Daarnaast zullen enkele recreatieve nevenfuncties worden toegelaten voor burgerwoningen (W) in de zone Bebouwingslinten.

Tabel 4.2 Nevenfuncties bij burgerwoning W en W(vab) in zone Bebouwingslinten

nevenfunctie   W   W(vab)  
verkoop-aan-huis van streekeigen agrarische producten   --   R  
veearts/hoefsmederij/KI-station   --   R  
ambachtelijke be- en verwerking van agrarische producten (kaasmakerij, imkerij, riet- en vlechtwerk, klompenmakerij)   --   R  
kano-, boot- of fietsenverhuur   A   A  
kleinschalige horecagelegenheid/dagrecreatie (theeschenkerij, boerderijcafé, wijnproeverij, speelboerderij categorie 1a en 1b)   --   A  
theeschenkerij   A   --  
bed & breakfast/gastenverblijf   R   R  
kleinschalig kamperen (maximaal 15 standplaatsen, via afwijking tot 25 plaatsen)   R/A   R/A  
kleinschalige detailhandel (zoals verkoop antiek en curiosa)   --   A  

R Rechtstreeks toegestaan.

A Alleen toegestaan onder voorwaarden (via afwijking).

-- Niet toegestaan.

4.9.3 Aan-huis-gebonden beroepen en kleinschalige bedrijfsmatige activiteiten

Bij burgerwoningen en (agrarische) bedrijfswoningen is het uitoefenen van een beroep-aan-huis bij recht toegestaan.
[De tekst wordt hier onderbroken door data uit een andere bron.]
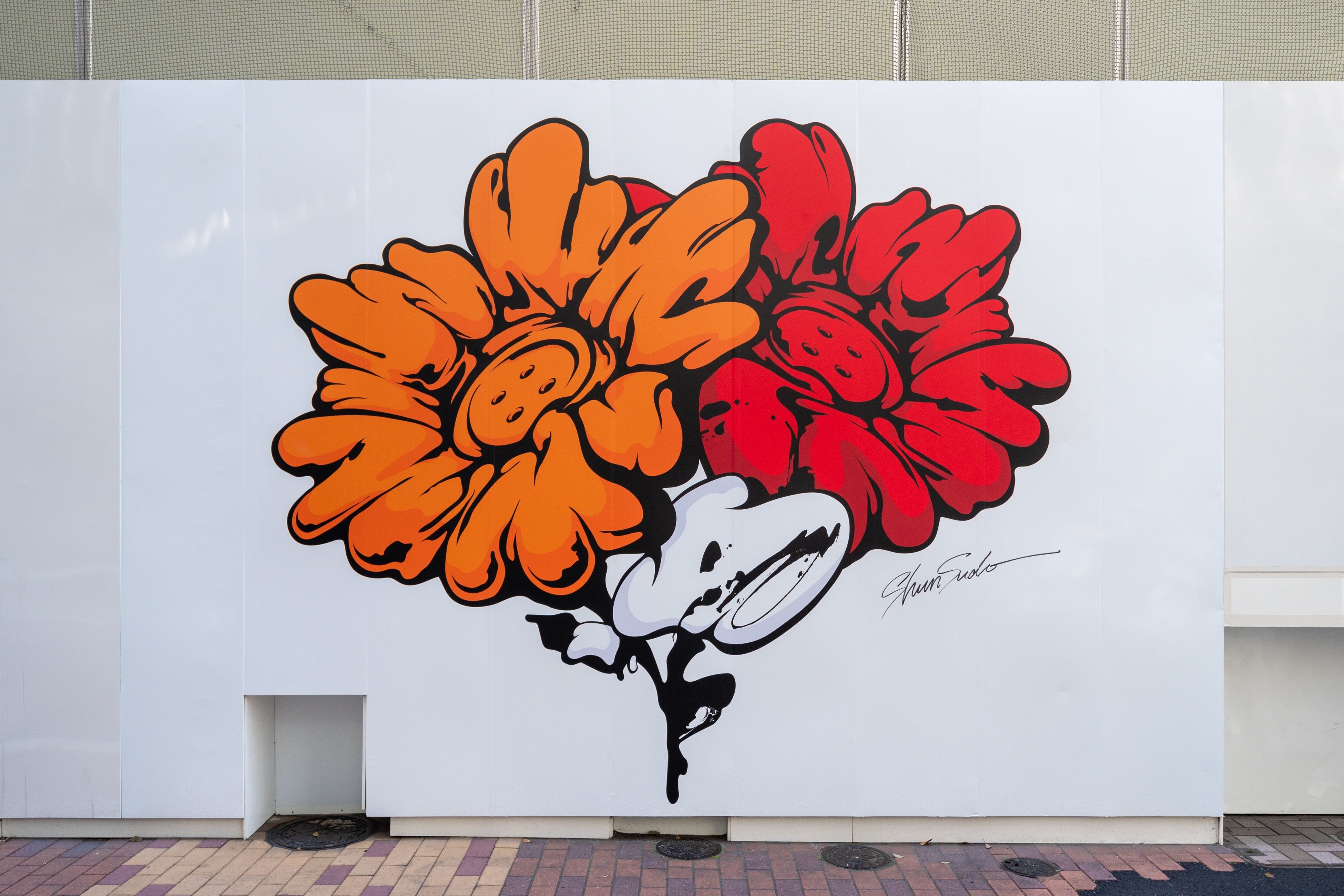 その第一弾としてアーティストSHUN SUDO氏の作品を掲出。Ginza Sony Park 地下1階の壁面にSHUN SUDO氏によって直接描かれ、2020年3月から閉園までの1年半もの間、来園者の方々に親しまれた作品を再現したものです。アーティスト自身が幼い頃にソニービルを訪れた際の記憶である、色彩豊かな花々と音楽をモチーフとし、1966年のソニービル創業からGinza Sony Parkに繋がる「Ginza Sony Park Project」が表現されています。
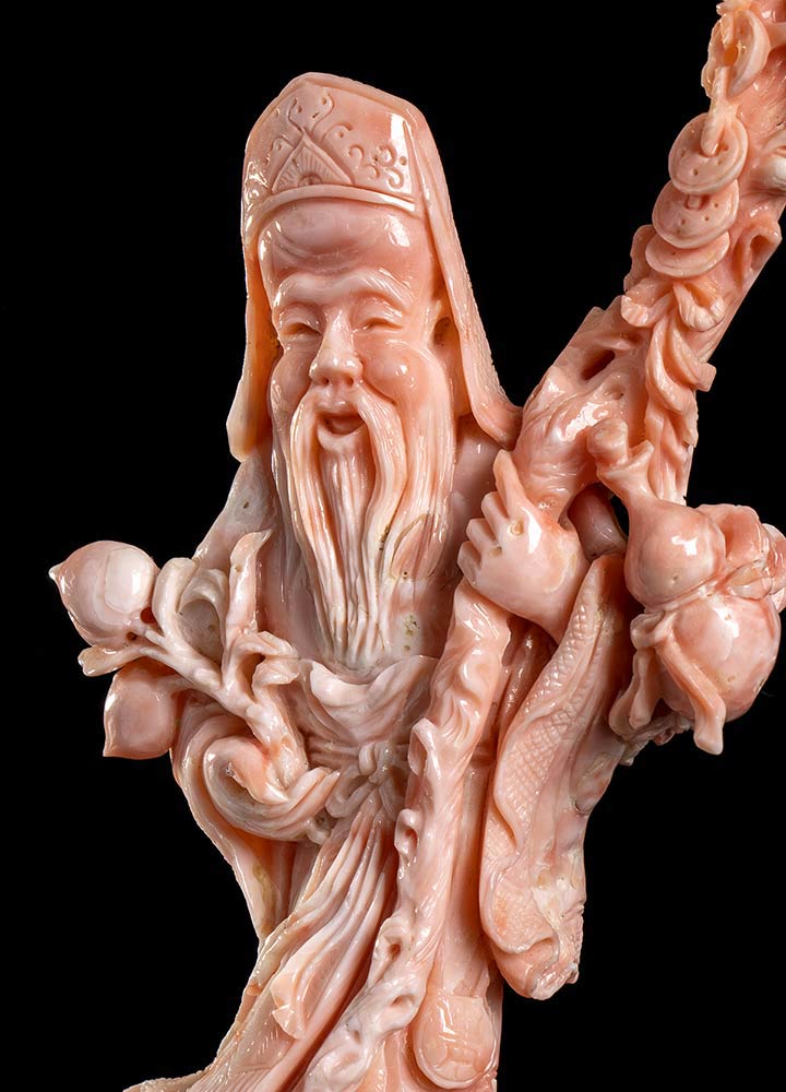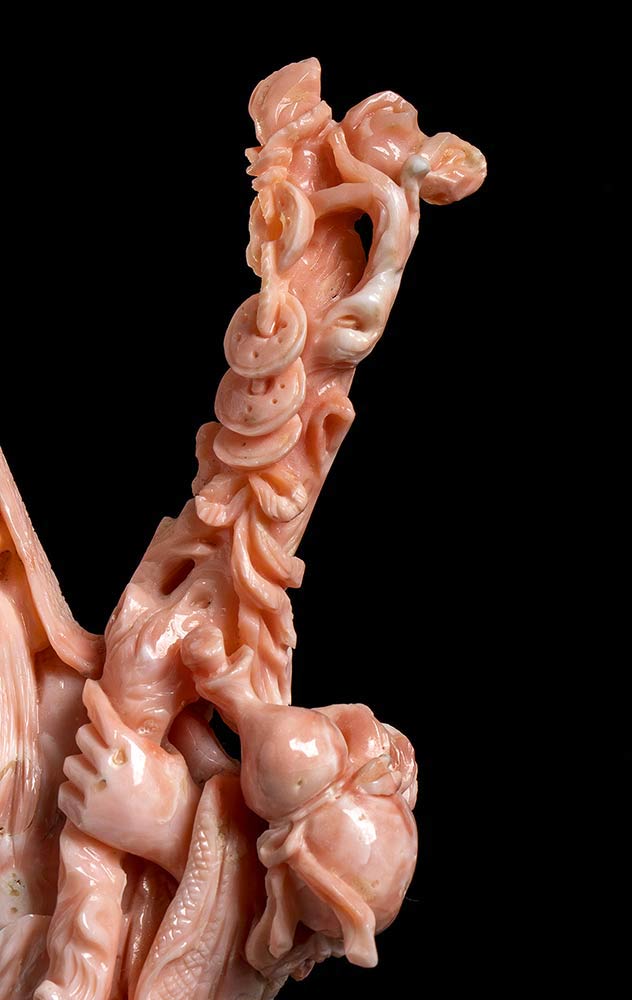(corallium elatius) raffigurante un saggio con un bastone nodoso nella mano destra e una grande pesca in quella sinistra, simbolo di longevità, con un bambino. Base lignea. Dimensioni scultura 23 x 17 x 4.5 cm, base 3,3 x 18 x 8,5 cm. Peso scultura 577,3 g. Stato di conservazione: ***** eccellente.

Dit houdt in dat zogenaamde vrije beroepen en kleinschalige bedrijfsmatige activiteiten, die ten hoogste vallen binnen de categorieën 1 en 2 van de Staat van Bedrijfsactiviteiten en waarvoor geen melding- of vergunningplicht op grond van het Inrichtingen- en vergunningbesluit milieubeheer geldt, zonder meer vanuit de woning kunnen worden uitgeoefend.

Hierbij geldt als uitgangspunt dat de woonfunctie als primaire functie gehandhaafd blijft en dat maximaal 75 m² van het vloeroppervlak van het bestaande hoofdgebouw of bijgebouw wordt benut ten behoeve van aan-huis-gebonden beroepen en kleinschalige bedrijfsmatige activiteiten.

De volgende voorwaarden zijn eveneens van toepassing:

  • er wordt geen onevenredige afbreuk gedaan aan het woon- en leefmilieu in de omgeving;
  • ten behoeve van de gewijzigde functie wordt voorzien in voldoende parkeergelegenheid;
  • het gebruik heeft geen nadelige invloed op de normale afwikkeling van het verkeer;
  • er mag geen horeca of detailhandel plaatsvinden, uitgezonderd een beperkte verkoop ondergeschikt aan de uitoefening van de bedrijfsmatige activiteiten;
  • één van de bewoners van het hoofdgebouw dient eigenaar/bedrijfsleider te zijn van het bedrijf.